Q&A: Dr. Barry Miller Answers Your Questions About The Virginia Tech Helmet Ratings



When the Virginia Tech Helmet Lab released its long-awaited helmet ratings for equestrian helmets last week, interest in the results was coupled with an avalanche of questions from riders and consumers, including those who expressed shock over the findings. Some popular helmets rated poorly in the study’s assessment of concussion risk, while certain bargain helmets—the second-highest ranked helmet costs only $58—punched far above their weight.

“Standards for equestrian helmets are typically based on severe impacts,” said Stefan Duma, the Harry Wyatt Professor of Engineering and the Helmet Lab’s founder, in a statement with the U.S. Hunter Jumper Association. “What we found is that a lot of riders come off at lower velocities, and many helmets are too stiff to effectively cushion those softer impacts. The helmets that perform better are able to deal with different energy levels.”

Equestrians account for 50,000 trips to the emergency room for concussions and other brain injuries annually, according to statistics from the Centers for Disease Control and Prevention—more than any other American sport—quickening the necessity for improved helmet safety.

Helmet stock MB

Equestrians account for 50,000 trips to the emergency room for concussions and other brain injuries annually, according to statistics from the Centers for Disease Control and Prevention. Independent helmet testing is intended to help consumers and manufacturers alike determine the best helmets and best designs for preventing concussions. Mollie Bailey Photo

“A lot of these helmets don’t test well right now, but we expect the manufacturers to make improvements,” Duma said. “That’s going to be better for consumers as well as manufacturers.

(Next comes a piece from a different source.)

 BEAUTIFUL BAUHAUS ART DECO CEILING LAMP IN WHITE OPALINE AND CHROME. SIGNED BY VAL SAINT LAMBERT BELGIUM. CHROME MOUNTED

Ultimately, we hope to reduce the number of injuries.”

There’s much to interpret and decipher from the equestrian ratings—and much non-scientists don’t intuitively understand about the testing process. So, we asked Dr. Barry Miller, director of outreach and business development for the Helmet Lab, to answer some of the main questions readers raised in the wake of the ratings’ release.

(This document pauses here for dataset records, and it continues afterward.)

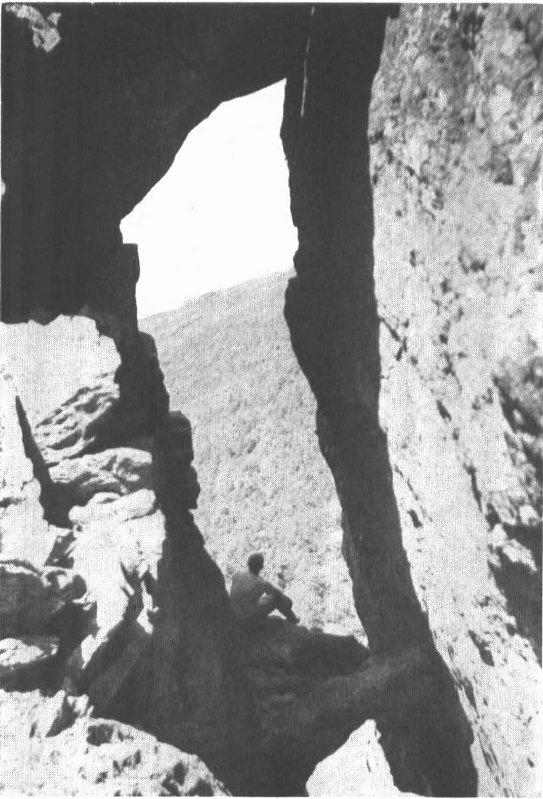 Between the Chin and Mount Mansfield Hotel are a number of interesting trails. The Subway and Canyon trail on the west side of the mountain follow, for part of the way, joints in the rock which have been enlarged by the downhill slippage of the western block. Figure 11 shows the nature of one of these passageways. On the east side of the mountain, the Cliff trail passes through a similar joint called “Wall Street.” The Cave of the Winds, reached by a trail just north of the Lower Lip, has formed along another north-south joint. The block which has moved downhill has tilted into the mountain and rubble has filled the gap at the top to form the cave. Figure 12 shows the appearance of the cave as seen from the eastern slope of the Chin. This photograph shows smaller joints on the Chin which have just begun to be enlarged by slippage of the downhill block. It is possible that some of these open joints date back and partially owe their origin to glacial erosive action.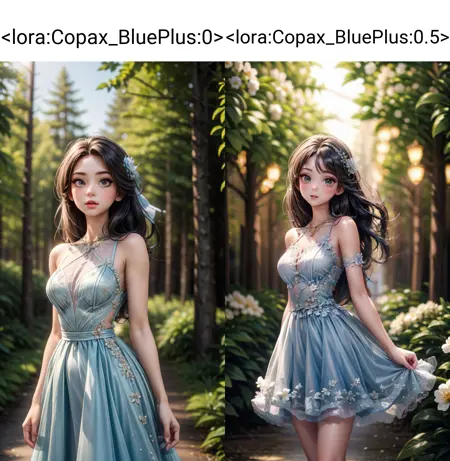Loraは画像の青い詳細を強化し、全体の色調を変更せずに青い要素を追加します(重みは低め~0.5)。たとえば、服を青みがかった色に変えたり、目を青い目に変換したりできます。花が存在する場合、それらも青く描かれる可能性が高くなります。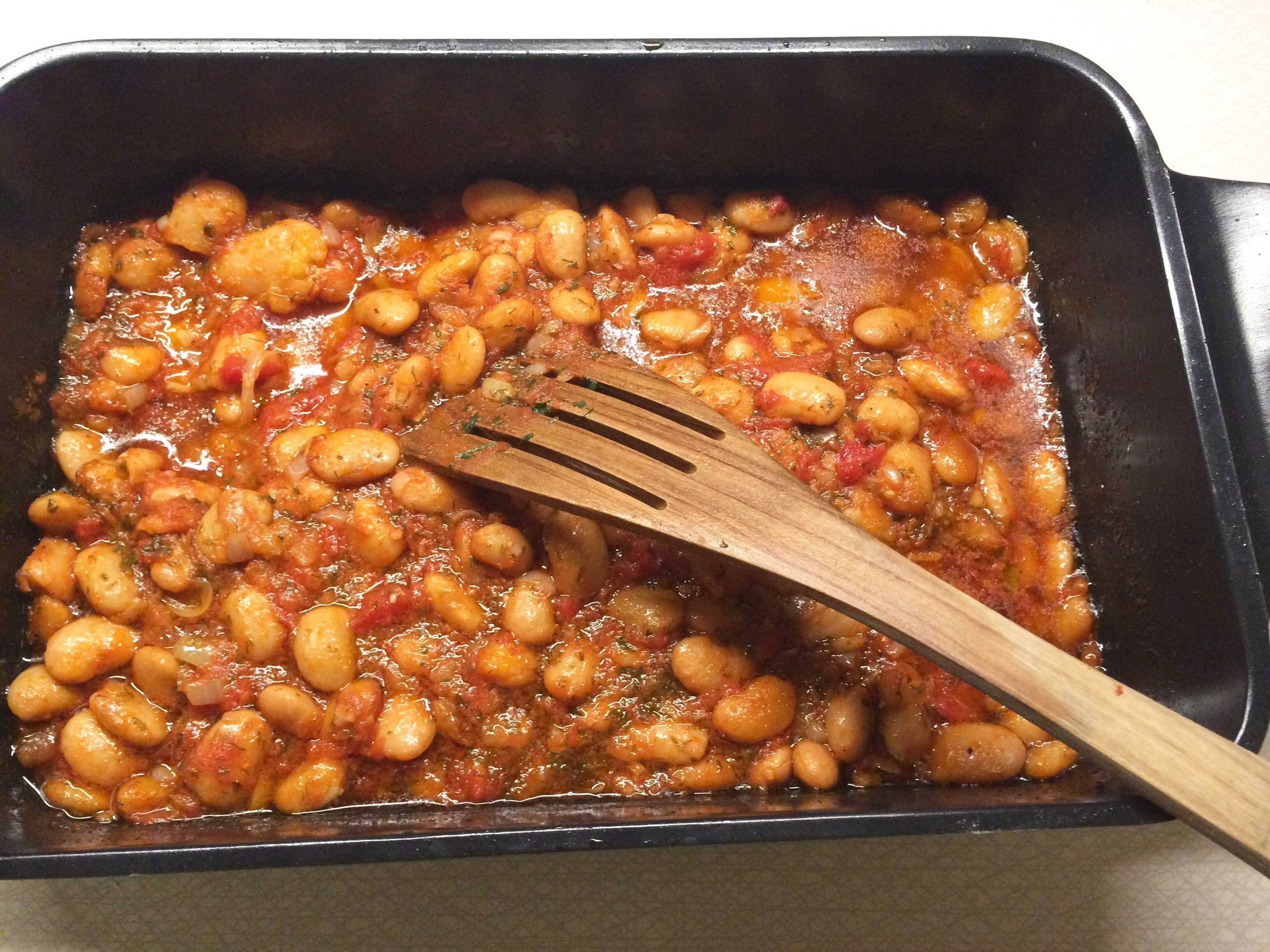 Så fort sommaren är på intåg längtar jag efter grekisk mat, det är liksom en regel. Och inte bara tzatziki, utan också såna här ljuvligt goda stora vita bönor med fin olivolja som får puttra ihop i ugnen. Rätten blir härligt krämig och passar bäst att doppa en bit bröd i.

Our interview covered a lot of ground, so we’re publishing it over two days. Today, we’ll discuss how to interpret the scores, get answers to commonly asked questions about the Helmet Lab’s testing protocols, and get Miller’s take on why helmets with MIPS technology performed the way they did. Come back tomorrow for more on helmet fit and other issues, including the most important factors to keep in mind when shopping for a helmet. (Read Part 2 of this interview.)

The interview has been lightly edited for clarity.

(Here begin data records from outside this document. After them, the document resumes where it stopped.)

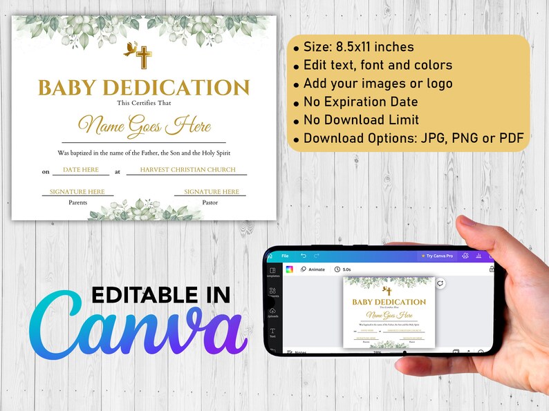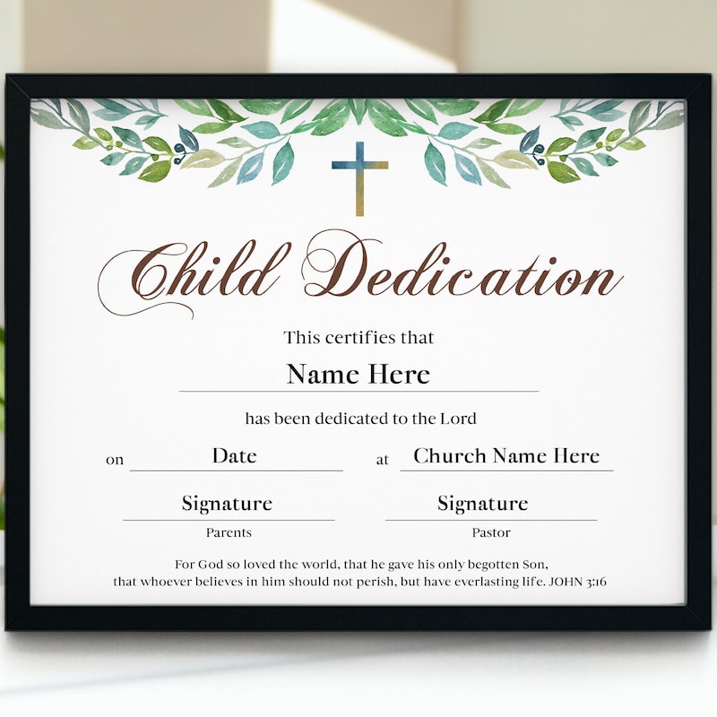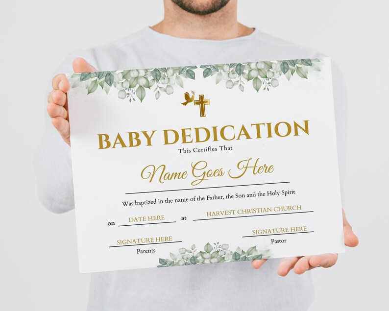 Editable Baby Dedication Certificate Greenery Baptism Template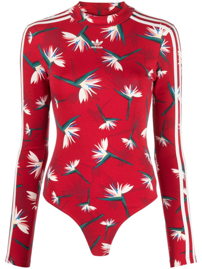 Adidas Originals Logo print Floral Bodysuit In Red ModeSens Very well made.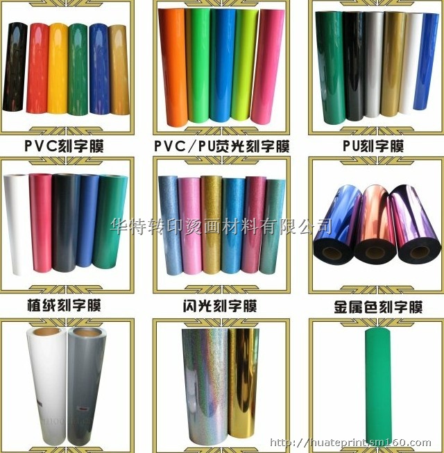 热转印刻字膜;PVC刻字膜/PU刻字膜/植绒(CDF)刻字膜/镭射(CDH)刻字膜/闪光(CDG)刻字膜/夜光刻字膜/反光及PU(CDU),PVC可打印刻字膜;规格50CM*25M
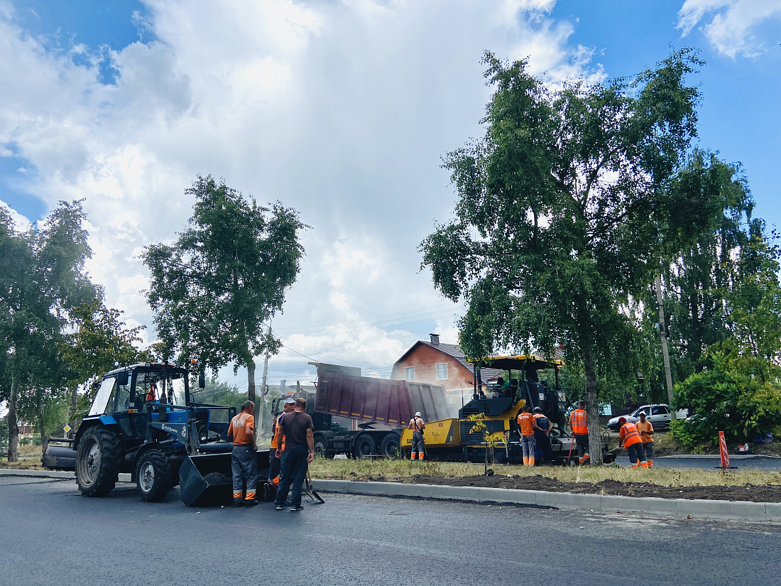 Работы проводятся на двух участках. Специалисты подрядной организации выполнили фрезерование и устройство выравнивающего слоя асфальтобетонного покрытия с заменой бортового камня.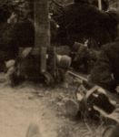 Comparing the man on the right with the rifle, and doing some scaling: The 1886 rifle is 130,7cm in real life, the man's head 18cm, makes the man 1,40, I guess.. He is not sitting, if so that would make a giant out of him compared to his comrade.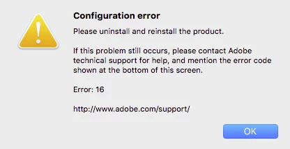 Updated the OS on a Mac Pro to OS 10.13.6 High Sierra. Then attempted to launch PS CS6 and got a Configutation Error. Please uninstall and reinstall this product. Error: 16 (see attached screen shot)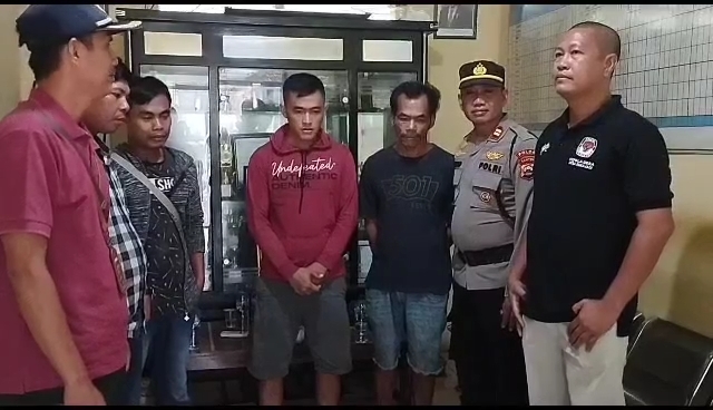 Dalam video yang di posting, nampak tampang pelaku pemalakan yang tengah didampingi aparat kepolisian dan desa.
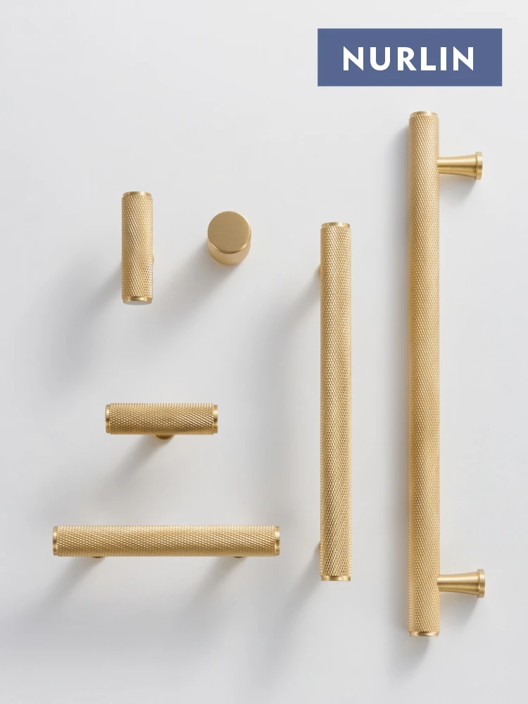Nurlin Knurled Solid Brass British Brand Kitchen Furniture Drawers Door Pull Room Cabinet Knobs Tbars Handle Classic Hot Seller

You tested 40 helmets from 15 different brands. How did you determine which brands and helmets to choose, and how soon do you expect to add more?

We tried to pick a variety of manufacturers and models in various price ranges to include in the initial ratings. I thought we did a great job getting 40 models because we had a lot of supply chain and inventory issues. We used four samples of the exact same size with the exact same finish, and so we had a lot of trouble getting that. Some of them were backordered, and we couldn’t get them in time.

We will continue to add as many models as we can moving forward. This was just the initial launch. There’s lots of models to test, and we’re certainly going to include as may as we can moving forward.

Some people have been confused about the STAR (upper-case) scores versus the star (lower-case) ratings. Can you please clarify what each means?

The STAR (Summation of Tests for the Analysis of Risk) score numerically represents the average number of concussions you would get wearing that helmet model if exposed to 30 helmet impacts modeled in the lab. You want a helmet with a low STAR score because that indicates lower concussion risks.

The star rating puts the helmets into performance-based categories, similar to A, B, C, D [on a test]. In this case it’s five stars through zero stars—five stars being high, zero stars being low. Just like a math test; if you get 75 out of 100, that’s a C. So higher means better: Five stars is our A, four is our B.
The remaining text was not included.